Where can more than 130 sixth-grade girls learn about science and have fun at the same time? Chestnut Hill College is where, when they take part in the bi-annual PAGES (Philadelphia Area Girls Enjoying Science) mini-conference.
“Studies have shown that around middle school age, it becomes less cool for girls to be interested in science,” says Karen Wendling ’03, Ph.D., assistant professor of chemistry and the College’s point person for the PAGES events. “This program is really geared toward fixing that issue by bringing in the girls right at that stage where they might be starting to think science isn’t cool. Then we let them experience science for themselves – which really is cool and there are plenty of women who are good at math and good at science. It’s just a stereotype that women are not successful at these things.”
The basis for the PAGES mini-conferences came from former CHC chemistry department chair, Helen Burke, SSJ, who through a grant from the National Science Foundation (NSF), founded the program almost 20 years ago. In 1998, the late Grace Banks '72, Ph.D., professor emerita of chemistry and physics, took over for Burke alongside Anne DeMasi '86, who through her own work as a chemist was able to get the American Chemical Society involved in the worthwhile endeavor. A year later, DeMasi passed the baton to Kathy Shaginaw, founder of the Women Chemists Committee in the Philadelphia section of the ACS. Through the foundation laid by the women before her, Shaginaw, who still runs the program to this day, was able to launch the first spring session in 2000.

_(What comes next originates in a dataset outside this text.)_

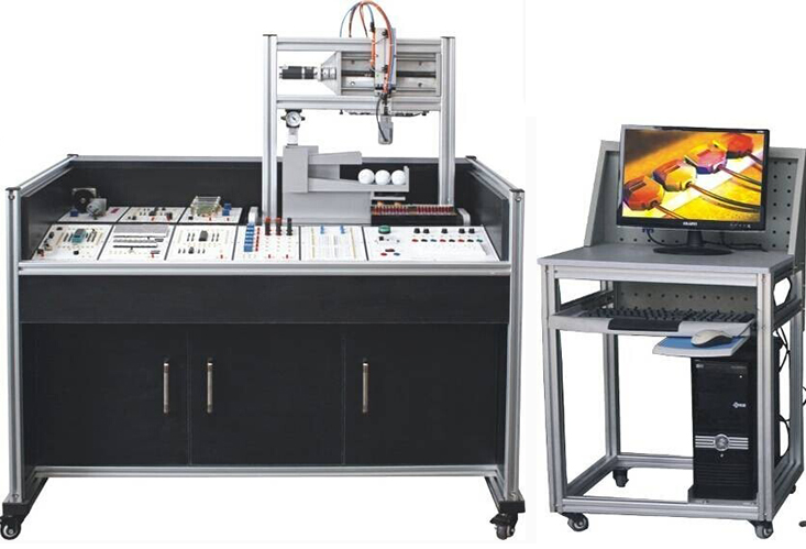 單片機技術(shù)應(yīng)用實訓(xùn)考核裝置,單片機功能控制實訓(xùn)考核平臺學(xué)生通過在該實訓(xùn)室訓(xùn)練,了解CPU硬件結(jié)構(gòu)特點,熟練掌握單片機的編程設(shè)計方法,培養(yǎng)學(xué)生應(yīng)用單片機的開發(fā)設(shè)計能力。采用烤漆鋼板制作的臺式結(jié)構(gòu)。單片機實訓(xùn)臺的抽屜柜用于存放實訓(xùn)模塊,抽屜柜與臺面之間布置實訓(xùn)模塊安裝支架,最上一層是工作臺臺面。用于技能競賽時在臺面上放置設(shè)備安裝底板,在底板上安裝試題擬定的單片機控制裝置需要的模塊,連接控制電路,編寫的控制程序輸入單片機后,按下運行指令開關(guān),單片機控制裝置就按程序運行。放置在單片機實訓(xùn)室中,這就是一張實訓(xùn)臺。當(dāng)講解理論或?qū)嵱?xùn)項目中的相關(guān)知識時,可以當(dāng)做課桌;當(dāng)需要進(jìn)行實際操作時,將臺面打開,就露出放置在安裝支架上的模塊,在需要的實訓(xùn)模塊間按實訓(xùn)要求連接電路,編寫控制程序,就可以按照設(shè)計的實訓(xùn)項目進(jìn)行單片機技術(shù)的教學(xué)了,同時還能完成智能物料搬運裝置的提升實訓(xùn)。
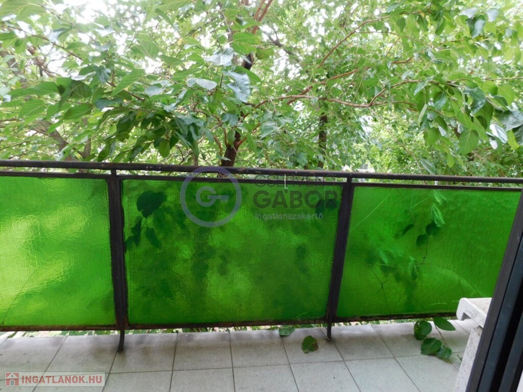 A nagyobbik szobához tartozik egy méretes erkély, pontosabban lodzsa, amit a szomszédos fák lombozata a nyári forrónapokon is szépen beárnyékol.

Now, 15 years later, PAGES continues to see growth in resources and its ability to help young girls get involved in the sciences, in large part due to the support of the ACS and other organizations such as the Philadelphia Section of the Association for Women in Science (AWIS) and the Northeastern Montgomery County and Makefield Area Branches of the American Association of University Women (AAUW). But at the heart of the program remains the same goals and values that have existed from day one, those being to increase girls' interest in science and mathematics, provide students with an opportunity to meet women working in non-traditional fields, and fostering awareness of varied career opportunities for women.
“CHC’s involvement with PAGES has been extremely beneficial and wonderful not just for our college but for what we have been able to do for these young girls in the local area,” says Wendling, who took over PAGES duties from Kelly Butler, Ph.D., associate professor of chesmitry, back in 2009. “I’m very happy to be involved.”
The day’s format includes an age-appropriate keynote address given by a female scientist, lab sessions led by female scientists or local graduate students and information about lab safety precautions along with safety goggles that they wear at all times. Among the favorite experiments are extracting DNA from strawberries, creating a non-toxic slime polymer, and of course, making ice cream out of liquid nitrogen.
This year, the ice cream experiment was run by a team of female graduate students from the University of Pennsylvania. But before the girls got their ice cream, they had to solve a problem which involved different types of markers and figuring out which marker wrote a note through a various series of tests.
After that, the grad students brought out the liquid nitrogen and poured it over the pre-mixed ice cream ingredients in order to make the sweet treat. To top it all off, the students even provided sprinkles.
Another favorite experiment is performed in the rainbow density lab where the girls learn how to discover varying salt contents and densities in liquids in order to stack them as a rainbow in a test tube — an experiment that Janet Younathan, Ph.D., technical editor and scientist-II at Johnson & Johnson, has been doing with PAGES for 10 years.
“I love this experiment because it requires the girls to think like any scientist does, by thinking systematically and logically through the problem of finding the most dense and least dense solution as well as the ones in between,” she says. “It’s also collaborative as the girls work together to help each other, which of course is crucial in science.”
At the end of the day, the girls are given lunch and a goody bag filled with pamphlets, useful gear and even some take-home science experiments. They also have the opportunity to help design a large mural by drawing their favorite experiment on a banner.
Students from CHC’s chemistry club also work at the event, helping the visiting scientists with anything they may need.
“As much as we do this for the girls, there is definitely a secondary benefit to all of the volunteers, especially the CHC students, as it helps them not get so isolated in thinking about their degree and coursework and exams,” says Wendling. “It helps them look back at a time when they were that age, first getting interested in science, that’s led them to the point where they are now.”